For the pairwise with dots for identities display, any differing amino acid in the subject sequence will be displayed in red:
Saving your results
To save your search queries and settings, click on the Save Search link, then log in to My NCBI using the Sign in or Register link at the upper right. Once you do this, your search strategies should appear in the Saved Search Strategies tab.
Object: Starting with two or more sequences, compare them and find the differences.
Example: In the NCBI database Nucleotide, enter the following search:
human[orgn] AND mitochondrion[ti]
This will search for nucleic acid sequences from humans with the word "mitochondrion" in the title. Mitochondrial DNA is often used in evolutionary comparisons because it is inherited only through the maternal lineage and changes very slowly.
Limit the results to NCBI Reference Sequences by selecting the RefSeq limit under Source databases in the left-hand Filter menu. These are high-quality sequences that have been curated and annotated by NCBI staff.
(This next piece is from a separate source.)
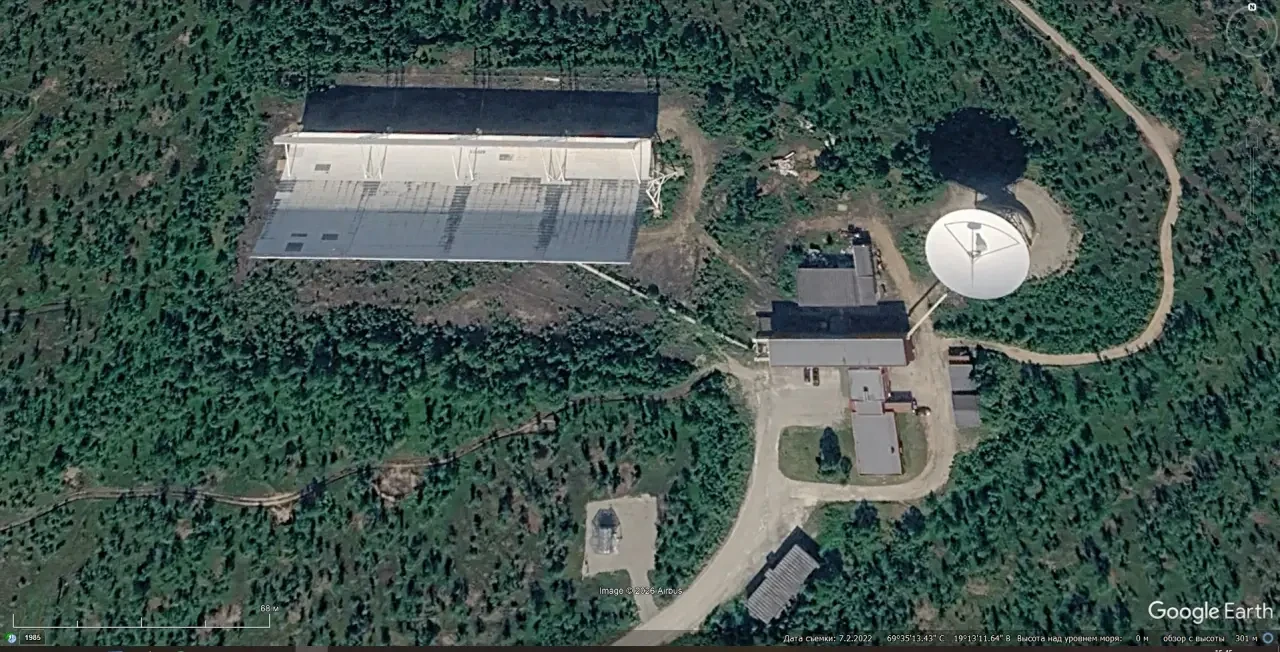 Спутниковый снимок Gооglе Еаrth: элементы радарного комплекса EISCAT восточней Тромсё. Снимок сделан в июле 2022 года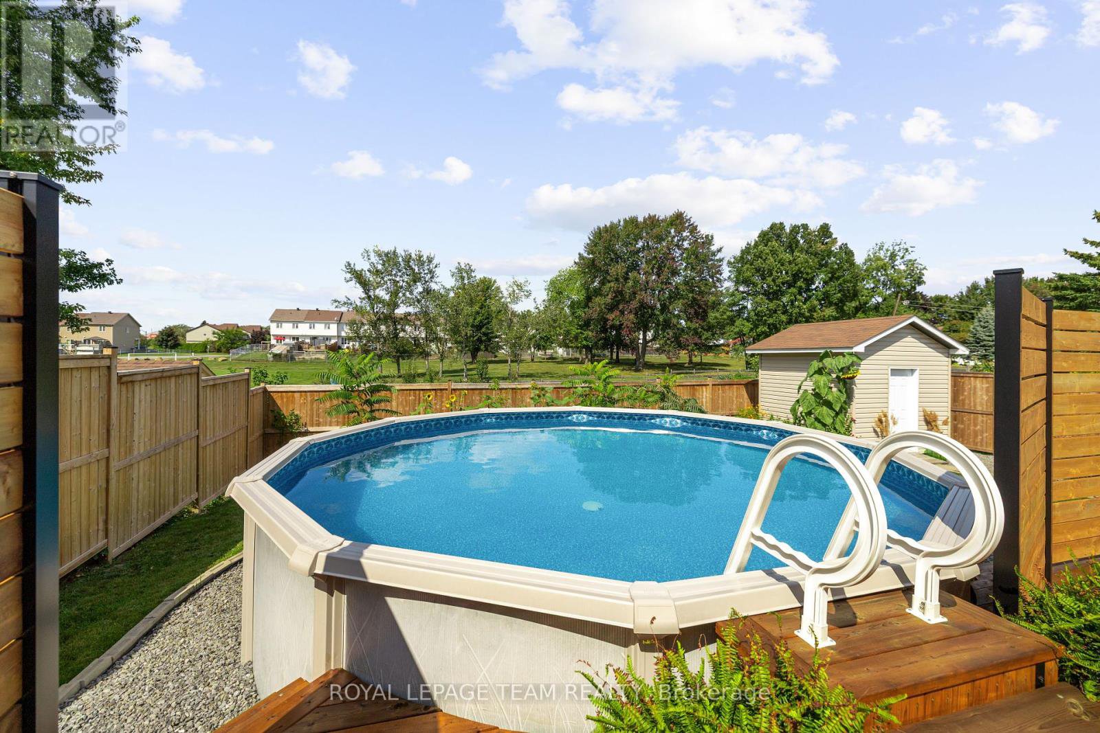 Beautifully renovated high-ranch in a quiet, established neighbourhood with no rear neighbours, backing onto Patricia Charron park. Rare grandfathered access to the park and community garden through a private access door. Bright open-concept layout with a newly renovated kitchen featuring a large island, quartz counters, stainless steel appliances, and hardwood flooring throughout. Spacious primary bedroom with cheater ensuite plus 2 additional bedrooms. Fully finished basement offers a family room with gas fireplace, kitchenette/bar-area, den/home-office or 4th bedroom, full bath, and large laundry/utility room with plenty of space for storage. Outside, enjoy your private backyard oasis complete with an 18ft above-ground pool (2022), new deck (2023), new fence (2024), and beautifully landscaped gardens with mature plants, trees, and flowers. Carport, shed, and plenty of space to entertain. Close to schools, shopping, transit, and all amenities. You will love living here!

There are three Reference Sequences for the mitochondrial genome in humans: one for modern humans (Homo sapiens), one for Neanderthals (Homo sapiens neanderthalensis), and one for Denisovans (Homo sp. Altai).
In the right-hand discovery menu under Analyze these sequences click Run BLAST.
This will open BLASTn, Nucleotide BLAST, and automatically add the accession numbers of these Reference Sequences into the Query Sequence box.
To compare sequences, check the box next to Align two or more sequences under the Query Sequence box. To BLAST the modern human mitochondrial genome sequence (NC_012920.1) against the subject sequences of Neanderthal (NC_011137.1) and Denisova (NC_013993.1), move the latter two accession numbers from the Query Sequence box into the Subject Sequence box using copy and paste.
Click BLAST, leaving the other settings at their default options.
You should see two results, in which the query sequence (modern human) is compared to one of the subject sequences, Neanderthal or Denisovan. Note that the query sequence is 99% similar to the Neanderthal sequence, and 98% similar to the Denisovan sequence.
To see how the sequences differ and what the biological significance might be:
Click on the name of the first result (Homo sapiens neanderthalis). You should see a base-by-base comparison of the two sequences in two lines. The top line is the query sequence (modern human). In the second line, representing the subject sequence (ancient human), bases where the subject sequence is identical to the query sequence are replaced by dots, and bases where the subject sequence differs from the query sequence appear in red.
Scroll down to the first coding sequence (CDS). The CDS regions are displayed in four lines: the first line shows the amino acid translation for the query sequence (modern human) on the second line. The third line is the subject sequence (ancient human), and the one below shows the amino acid translation for the subject sequence.
Note that there are two additional amino acids, M (methionine) and P (proline), at the beginning of the protein sequence in modern humans compared to Neanderthal. This is due to the substitution of T (thymine) at position 3308 in the modern human sequence for C (cytosine) in the analogous position in the Neanderthal sequence.
Note as well that the substitution of A (adenine) at position 3334 in the modern human sequence for G (guanine) in the Neanderthal sequence results in an amino acid difference in the protein sequences. In the modern human protein sequence an I (isoleucine) replaces a V (valine) present in the Neanderthal protein sequence.
To investigate the biological significance of this change, go to the Amino Acid Explorer. In the left-hand menu, use the Compare tool to see what effects a change from V to I might have. Look at both the text and graphics comparisons. Does this seem to be a conservative mutation (that is, one that results in little or no change in protein structure or function) or a non-conservative mutation (that is, one that results in a significant change in protein structure or function)?
Now scroll down to the Denisovan result and look at positions 3308 and 3334 in the query sequence. Are there any differences in the Denisovan sequence at these positions?